Гадание, однако, не состоялось и Сергей не узнал своего будущего, так как за дверью послышались шаги. В кухню вошли капитан и Вороновский, а вслед за ними приковыляла старушка Жеведь.

Тартаковская тотчас отпрянула от Сергея и настороженно уставилась на вошедших.

- Василий Васильевич, ты глянь, нет ли чего на кухне, а я засяду за протокол, - усталым голосом сказал капитан, опускаясь на стул. - Уж ночь на дворе, а нам еще ехать на Литейный.

- Здесь вроде не должно быть... - Вороновский присел на корточки у раскрытого им кухонного шкафа. - Посуда ихняя, крупы, макароны, банки с вареньем, разная хурда-бурда...

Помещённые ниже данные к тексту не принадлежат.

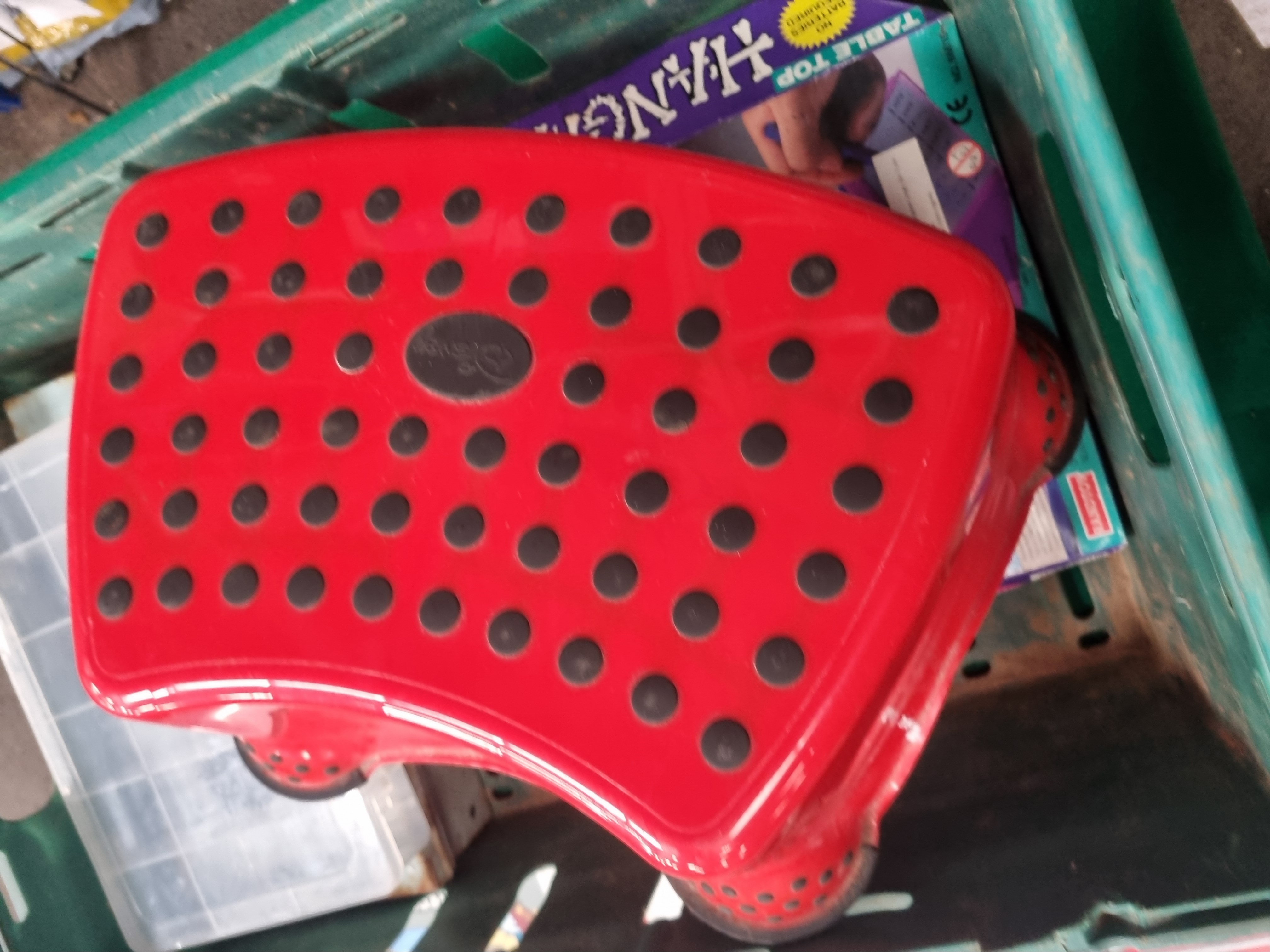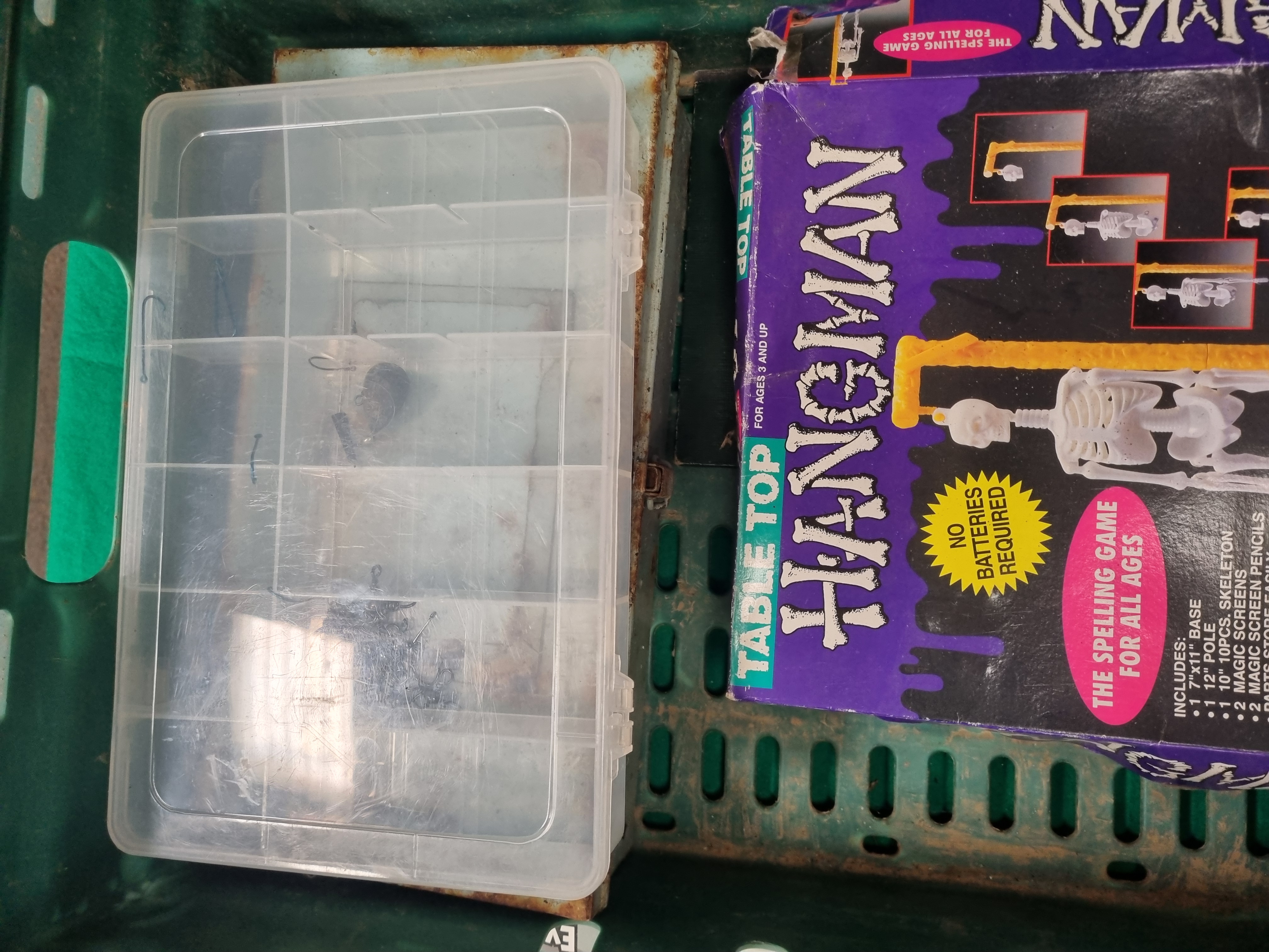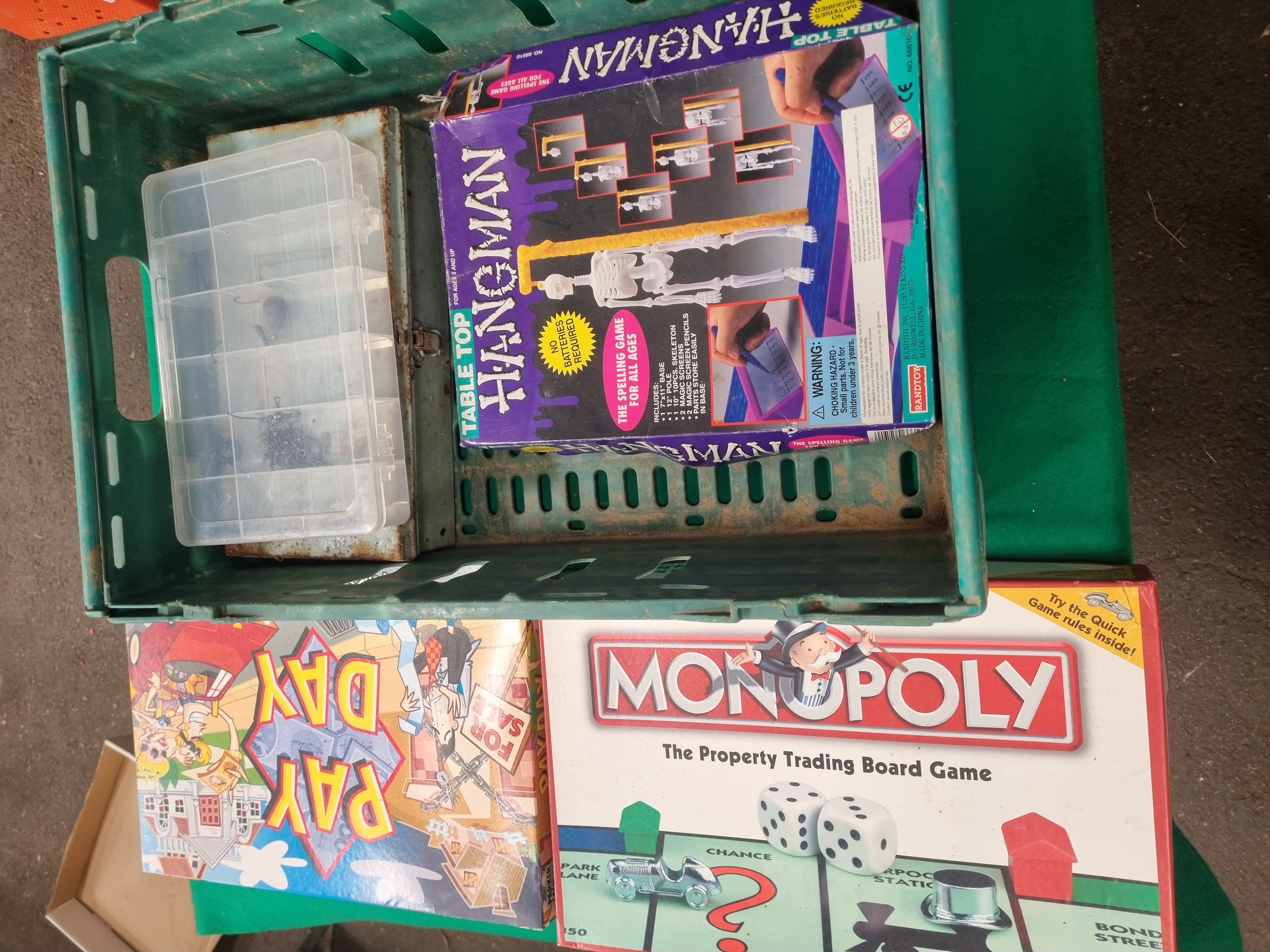 A collection of vintage board games and various household items. The lot includes board games manufactured by Parker and Randtoy. Featured items include a UK edition of Monopoly – The Property Trading Board Game by Parker, featuring pound sterling currency symbols on the box lid. Also included is the Pay Day board game by Parker and a Table Top Hangman spelling game by Randtoy. The Randtoy box indicates the set should include a base, pole, skeleton components, and magic screens. The lot further comprises a red plastic step stool with black rubberised non-slip circles, a clear plastic partitioned storage box containing a small quantity of fishing tackle such as lead weights and hooks, and a green plastic rectangular storage crate. Labels for Liskeard Auction Rooms Lot 399 are present on the crate.

- Это еще как сказать, - глубокомысленно заметил капитан, укладывая лист копирки между бланками протокола обыска. - Припомни, как нас ориентировали на переподготовке. Один ушлый спекулянт в Тбилиси прятал золотые монеты в соленых помидорах, а бриллианты в банках с абрикосовым вареньем. Вынимал косточки, а заместо косточек вставлял камушки.

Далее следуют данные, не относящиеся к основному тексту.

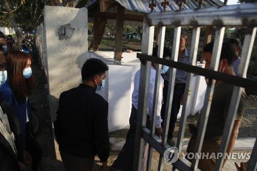 epa08966582 Nay Win San (C), editor and member of the Development Media Group (DMG), arrives to the Sittwe police station for an interrogation, in Sittwe, Rakhine State, Western Myanmar, 26 January 2021. According to local reports, the Myanmar military has sued a reporter and an editor for the DMG media group, editor U Ne Win San and reporter Ma Hnin Nwe, in Rakhine State, under Article 66(d) of the Telecommunications Law. The pair were charged on 22 January, over a recent news report about an alleged looting by government troops of rice from a Kyauktaw Township village. A number of media organizations in Myamar released a statement on 25 January asking the military to submit a complaint with the Myanmar Press Council (MPC) before seeking remedy through the court system, media added. EPA/NYUNT WIN
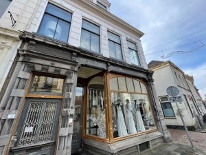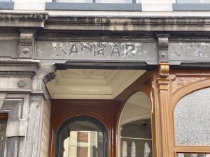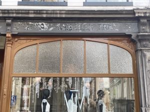 Kamperstraat 35 Zwolle, een voormalige koperslagerij (wat mijn eerste project was). Nu komt tekst van latere jaren met een heel mooie art-deco letter boven water. We moeten nog onderzoeken hoe het precies is gemaakt, het lijkt zwart glas met uitgespaarde letters.

- Стоит ли нарушать ихние банки? - с сомнением в голосе высказался Вороновский. - Я так мыслю, что ценностей там нет.

- Будь другом, все же глянь их на свет.

- Ну, товарищи милиционеры, что скажете? - сладеньким тоном спросила Тартаковская. - Убедились, что зря старались?

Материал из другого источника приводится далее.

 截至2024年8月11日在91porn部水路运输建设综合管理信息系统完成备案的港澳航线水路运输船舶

- В чем надобно, в том и убедились! - рявкнул капитан. - Гражданка, не мешайте работать.

- Не орите! - осадила его Тартаковская. - Ничего не нашли, так решили выместить злобу на беззащитной женщине?

- Не нашли? - с издевкой переспросил капитан и вытряхнул на столик содержимое бумажного пакета. - А это что?

Сергей приподнялся и увидел причудливые золотые фигурки, звезду с драгоценными камнями, три темно-красных сафьяновых футляра и несколько перетянутых аптекарской резинкой пачек с валютой.

Тартаковская смертельно побледнела и прошептала в полной растерянности:

- Не понимаю...

- Вы мне эти штучки бросьте! - оборвал ее капитан. - Не на таковского напали!

- В жизни их не видела, - упавшим голосом бормотала Тартаковская.

- Да ну?! - Капитан осклабился. - Прямо чудеса в решете!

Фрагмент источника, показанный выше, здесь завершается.